**INPUT**.
● ● ● ●
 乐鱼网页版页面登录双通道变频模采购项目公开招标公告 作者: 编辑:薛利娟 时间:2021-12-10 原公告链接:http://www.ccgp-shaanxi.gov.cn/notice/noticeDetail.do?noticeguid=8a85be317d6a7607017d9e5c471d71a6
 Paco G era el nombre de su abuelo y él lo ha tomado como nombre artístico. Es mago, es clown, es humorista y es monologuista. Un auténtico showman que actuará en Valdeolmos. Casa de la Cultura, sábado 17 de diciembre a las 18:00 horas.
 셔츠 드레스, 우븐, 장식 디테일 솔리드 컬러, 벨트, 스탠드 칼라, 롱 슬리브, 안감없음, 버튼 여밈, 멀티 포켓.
● ● ● ●
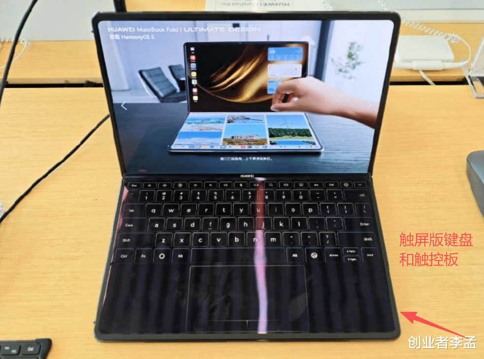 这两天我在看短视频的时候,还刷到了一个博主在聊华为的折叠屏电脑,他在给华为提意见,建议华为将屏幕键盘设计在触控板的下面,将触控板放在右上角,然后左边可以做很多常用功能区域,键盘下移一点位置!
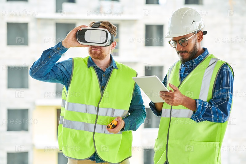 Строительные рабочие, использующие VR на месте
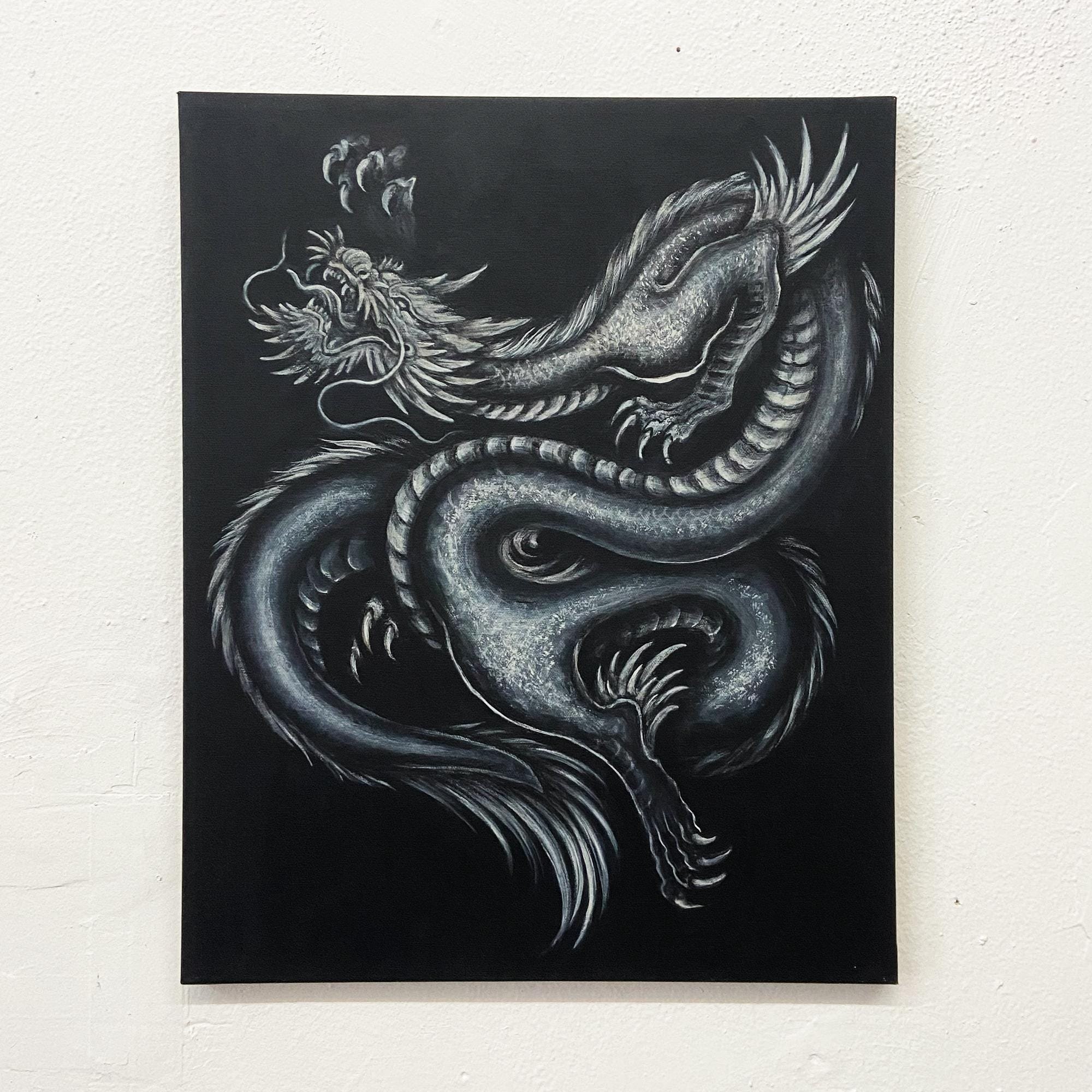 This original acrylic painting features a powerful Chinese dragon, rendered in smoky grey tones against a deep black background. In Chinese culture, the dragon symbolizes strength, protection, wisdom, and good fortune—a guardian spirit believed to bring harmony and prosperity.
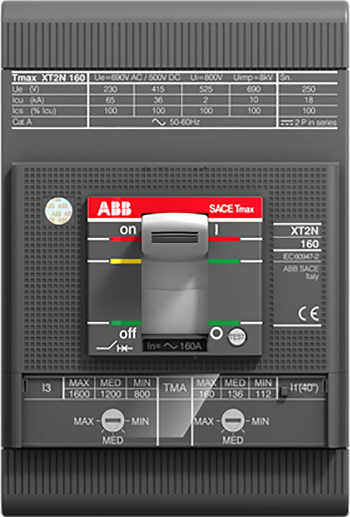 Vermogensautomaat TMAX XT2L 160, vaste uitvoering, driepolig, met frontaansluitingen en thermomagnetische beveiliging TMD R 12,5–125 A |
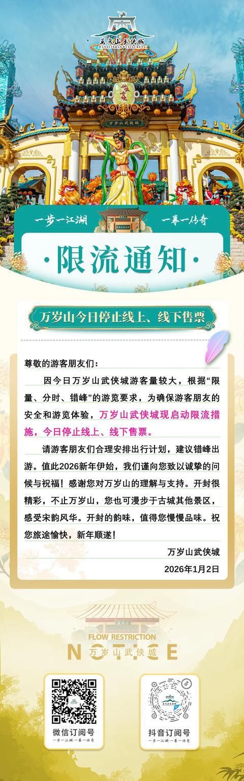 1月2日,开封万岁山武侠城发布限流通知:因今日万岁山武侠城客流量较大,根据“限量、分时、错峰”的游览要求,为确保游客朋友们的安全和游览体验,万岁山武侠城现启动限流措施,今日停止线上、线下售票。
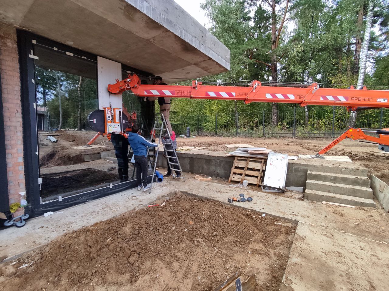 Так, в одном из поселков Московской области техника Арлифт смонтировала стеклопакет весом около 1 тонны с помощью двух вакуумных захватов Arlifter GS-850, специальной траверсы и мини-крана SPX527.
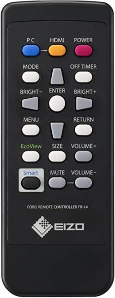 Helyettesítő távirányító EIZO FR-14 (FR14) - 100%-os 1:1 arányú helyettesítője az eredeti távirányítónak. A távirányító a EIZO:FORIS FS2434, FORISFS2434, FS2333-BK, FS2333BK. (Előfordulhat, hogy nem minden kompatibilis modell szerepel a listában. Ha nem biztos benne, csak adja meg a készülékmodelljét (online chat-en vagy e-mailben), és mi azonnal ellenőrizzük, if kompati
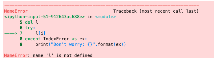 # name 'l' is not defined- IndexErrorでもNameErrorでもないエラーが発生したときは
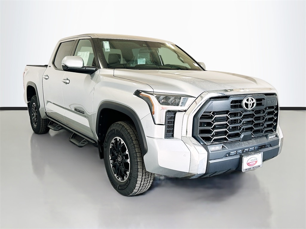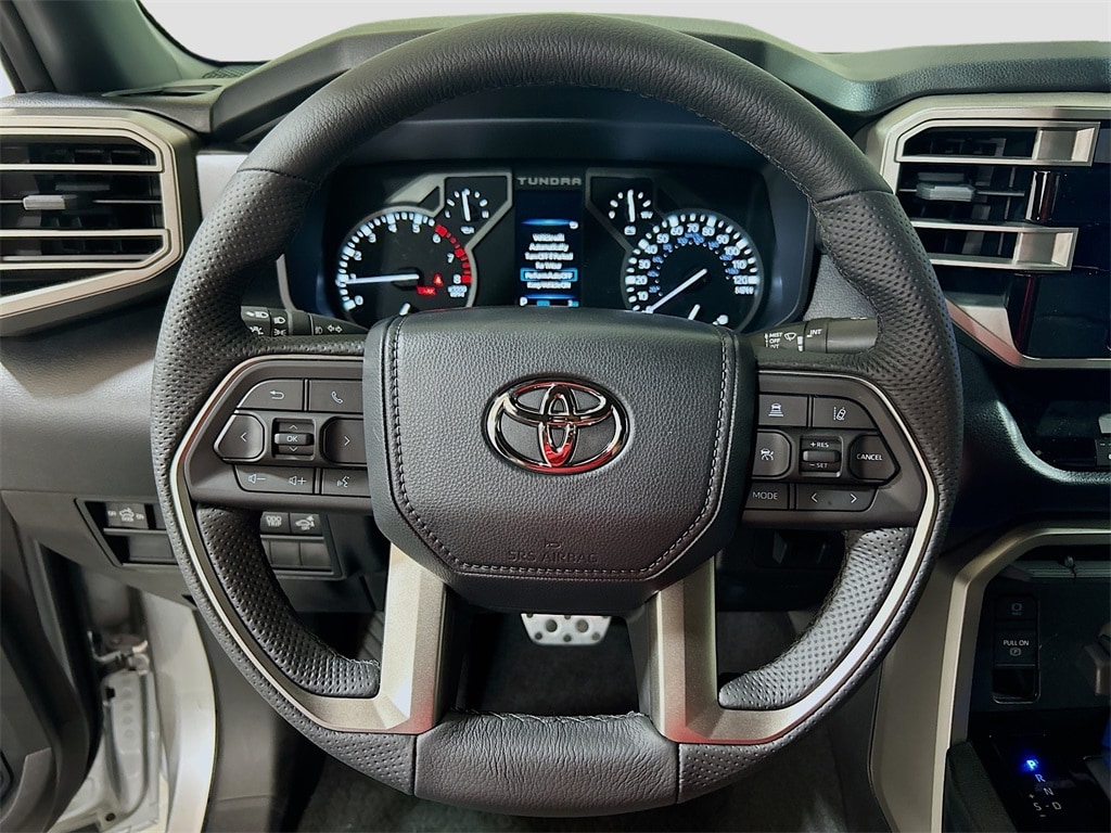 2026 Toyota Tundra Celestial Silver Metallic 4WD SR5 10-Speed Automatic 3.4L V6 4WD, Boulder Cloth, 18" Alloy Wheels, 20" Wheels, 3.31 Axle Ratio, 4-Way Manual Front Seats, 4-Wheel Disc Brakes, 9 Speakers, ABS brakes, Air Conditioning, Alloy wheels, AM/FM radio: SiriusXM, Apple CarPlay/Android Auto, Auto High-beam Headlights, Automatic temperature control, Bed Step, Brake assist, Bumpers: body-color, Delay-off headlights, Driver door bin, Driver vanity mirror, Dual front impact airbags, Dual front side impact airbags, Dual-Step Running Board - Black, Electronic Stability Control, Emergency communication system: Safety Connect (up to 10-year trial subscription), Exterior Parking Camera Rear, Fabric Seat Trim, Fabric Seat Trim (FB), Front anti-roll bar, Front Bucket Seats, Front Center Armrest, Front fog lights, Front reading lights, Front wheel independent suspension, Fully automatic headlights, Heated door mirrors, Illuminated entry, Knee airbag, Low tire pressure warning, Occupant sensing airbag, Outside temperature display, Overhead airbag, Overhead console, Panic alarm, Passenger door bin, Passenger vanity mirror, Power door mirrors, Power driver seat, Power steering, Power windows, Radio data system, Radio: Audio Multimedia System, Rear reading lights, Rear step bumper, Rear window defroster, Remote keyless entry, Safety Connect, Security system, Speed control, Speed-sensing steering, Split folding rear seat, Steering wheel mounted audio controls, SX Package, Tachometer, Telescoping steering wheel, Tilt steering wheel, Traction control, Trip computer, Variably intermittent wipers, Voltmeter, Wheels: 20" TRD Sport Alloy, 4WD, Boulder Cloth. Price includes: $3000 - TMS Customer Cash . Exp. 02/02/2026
● ● ● ●
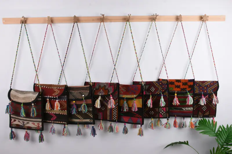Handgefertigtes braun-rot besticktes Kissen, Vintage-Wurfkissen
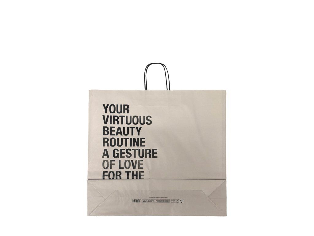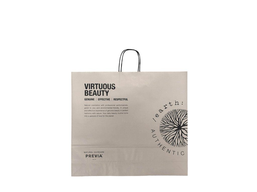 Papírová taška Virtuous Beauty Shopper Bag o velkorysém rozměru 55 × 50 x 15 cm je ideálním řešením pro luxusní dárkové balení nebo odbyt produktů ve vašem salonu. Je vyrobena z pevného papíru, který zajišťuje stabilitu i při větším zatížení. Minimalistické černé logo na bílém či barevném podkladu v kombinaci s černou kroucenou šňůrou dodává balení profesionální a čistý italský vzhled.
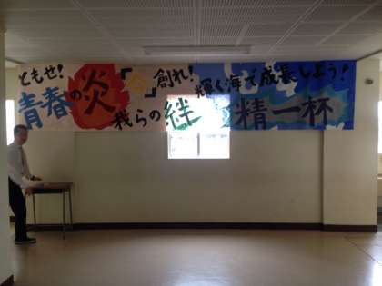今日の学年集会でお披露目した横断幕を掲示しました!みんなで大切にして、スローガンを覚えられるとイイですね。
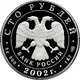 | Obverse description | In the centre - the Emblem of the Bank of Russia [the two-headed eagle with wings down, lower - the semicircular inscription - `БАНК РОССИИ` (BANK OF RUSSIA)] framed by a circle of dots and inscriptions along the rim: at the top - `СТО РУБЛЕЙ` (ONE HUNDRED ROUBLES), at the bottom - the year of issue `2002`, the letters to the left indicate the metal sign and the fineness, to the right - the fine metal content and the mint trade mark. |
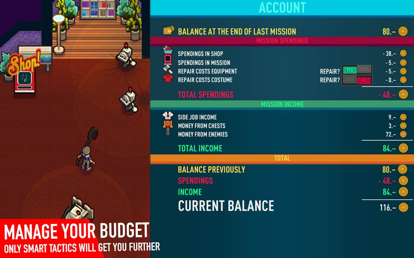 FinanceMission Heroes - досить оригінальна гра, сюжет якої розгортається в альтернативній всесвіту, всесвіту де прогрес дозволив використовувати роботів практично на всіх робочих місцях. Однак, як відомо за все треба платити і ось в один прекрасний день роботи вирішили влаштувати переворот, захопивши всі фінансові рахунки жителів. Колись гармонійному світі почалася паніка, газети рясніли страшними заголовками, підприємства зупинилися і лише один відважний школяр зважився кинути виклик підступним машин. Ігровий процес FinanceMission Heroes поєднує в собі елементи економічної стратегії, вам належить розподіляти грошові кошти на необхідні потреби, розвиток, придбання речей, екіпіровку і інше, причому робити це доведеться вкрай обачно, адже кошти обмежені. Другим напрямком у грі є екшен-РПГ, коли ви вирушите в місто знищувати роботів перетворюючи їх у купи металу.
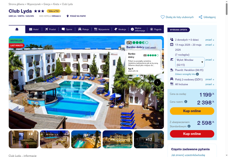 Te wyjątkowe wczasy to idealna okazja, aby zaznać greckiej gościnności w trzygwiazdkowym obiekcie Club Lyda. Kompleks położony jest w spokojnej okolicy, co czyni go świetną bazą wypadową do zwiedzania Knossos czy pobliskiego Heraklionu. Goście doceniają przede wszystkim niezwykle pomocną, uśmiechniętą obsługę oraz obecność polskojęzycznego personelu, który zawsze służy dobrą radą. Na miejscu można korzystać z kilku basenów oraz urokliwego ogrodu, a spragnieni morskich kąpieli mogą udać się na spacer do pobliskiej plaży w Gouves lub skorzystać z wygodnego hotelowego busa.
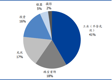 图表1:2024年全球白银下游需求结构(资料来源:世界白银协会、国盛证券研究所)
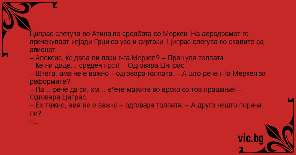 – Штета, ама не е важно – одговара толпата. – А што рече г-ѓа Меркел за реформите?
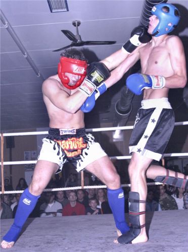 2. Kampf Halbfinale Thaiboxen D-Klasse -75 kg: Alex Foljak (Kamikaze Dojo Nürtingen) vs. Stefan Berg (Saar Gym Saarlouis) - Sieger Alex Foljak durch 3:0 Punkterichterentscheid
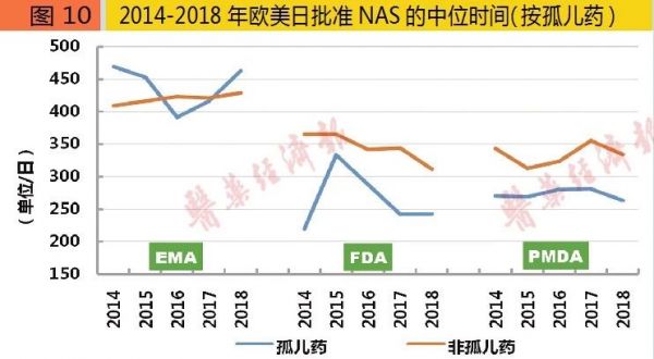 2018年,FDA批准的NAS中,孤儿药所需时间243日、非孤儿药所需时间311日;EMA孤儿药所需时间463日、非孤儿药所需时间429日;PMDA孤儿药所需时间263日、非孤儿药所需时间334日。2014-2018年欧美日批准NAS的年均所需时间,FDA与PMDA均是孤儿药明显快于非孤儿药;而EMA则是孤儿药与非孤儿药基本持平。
● ● ● ●
**WHAT THE EXERCISE ASKS**.
Out of the records above, set down only the lines from the one that contains "This original acrylic" through the one that contains "Vermogensautomaat TMAX XT2L", unchanged and without the pictures.

**WRITTEN SOLUTION**.
 This original acrylic painting features a powerful Chinese dragon, rendered in smoky grey tones against a deep black background. In Chinese culture, the dragon symbolizes strength, protection, wisdom, and good fortune—a guardian spirit believed to bring harmony and prosperity.
 Vermogensautomaat TMAX XT2L 160, vaste uitvoering, driepolig, met frontaansluitingen en thermomagnetische beveiliging TMD R 12,5–125 A |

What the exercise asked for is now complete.